В отличие от Анисова, Жюллиан отнюдь не пренебрегает "ведческими" категориями. Он анализирует картины со знанием дела, вникая в композиционные тонкости, колористические нюансы и контрасты, игру рефлексов и прочие живописные красоты. Вдобавок у французского автора наличествует та "насмотренность" (воспользуемся словцом искусствоведов), которая позволяет подмечать даже мельчайшие следы влияний, сознательных заимствований или неосознанных параллелей, приметы тенденций и стилевых трансформаций и вообще любые связи с обширным европейским наследием. Он фиксирует и промелькнувшую "рубенсовскую" линию, и появление "барочных изгибов", и изменившуюся стать неизменно любимых художником лошадей, рысью двинувшихся от Жерико к Бернини; указывает, где свет стал "по-караваджистски драматичен", где возник "пессимистический дух" мастеров сенченто, где Делакруа вторит Давиду, а где заимствует композицию у Россо. Влияние самого мастера на разнообразных потомков тоже не оставлено без внимания; присутствуют и многочисленные литературные, театральные, музыкальные и прочие отсылки. В результате текст оказывается до такой степени перегружен именами, названиями, терминами, что даже вполне образованный читатель начинает испытывать головокружение. Правда, книга снабжена обширным - почти на восемьдесят страниц - комментарием. Но велик ли толк от длинного перечня лапидарных характеристик: "Шинар Жозеф (1756 - 1813) - скульптор, преимущественно портретист, автор мифологических и аллегорических композиций", "Моцарт Вольфганг Амадей (1756 - 1791) - великий австрийский композитор", "Святой Рох (рубеж XIII - XIV вв.) - святой католической церкви"... Кто озаботился составить этот увлекательный список, не указано; неужто сам автор (поскольку другие издания серии комментариев не имеют)?

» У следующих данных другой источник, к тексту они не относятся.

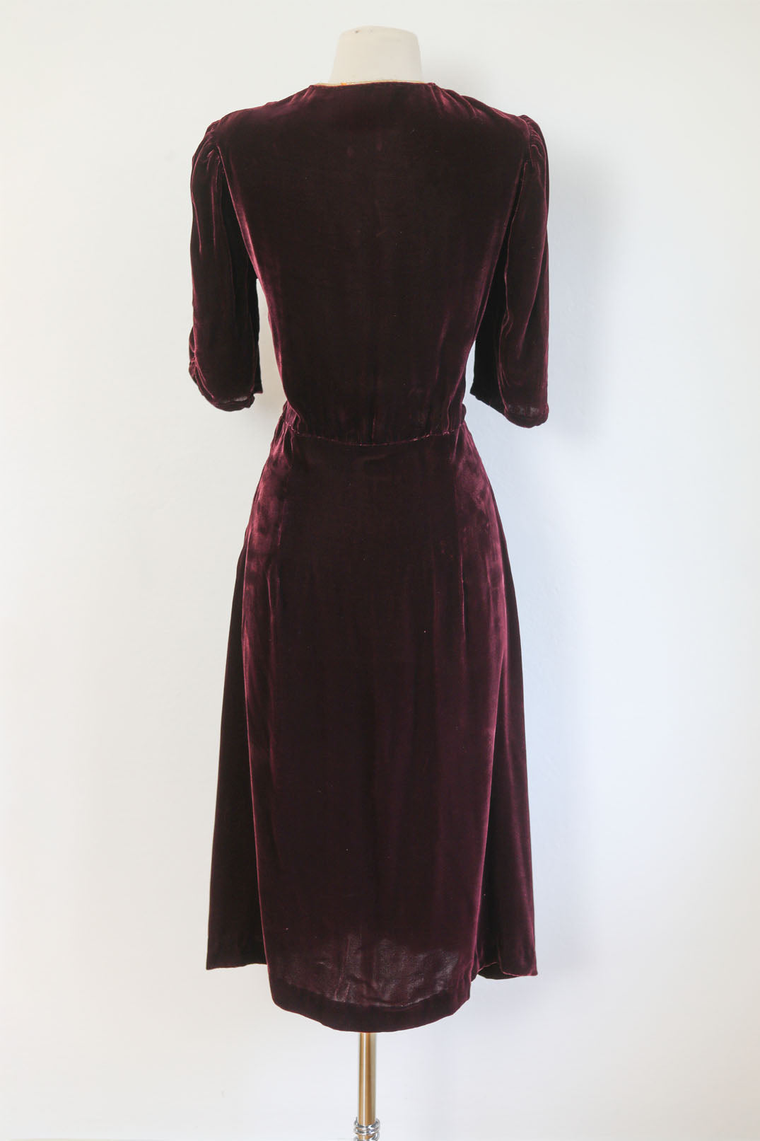 Vintage 1930s to 1940s Dress - Cherry Coke Wine Red Slinky Velvet w Ruching + Gilt Gold Size M to L

Конечно, эрудированностью Филиппа Жюллиана можно восхититься - просто как фактом, независимо от результата. И нельзя не признать, что отдельные куски в его работе весьма даже интересны. Однако сложить их в нечто целое автору не удалось. Повествование то кружит на одном месте, то, напротив, резво скачет от темы к теме, не смущаясь отсутствием логики. Искусствоведческие штудии, светская жизнь, Шопен, Жорж Санд, политические интриги, революции и культурные традиции перемешаны в таком причудливом беспорядке, что голова опять же идет кругом. А неудобочитаемый текст порой доводит и до мигрени...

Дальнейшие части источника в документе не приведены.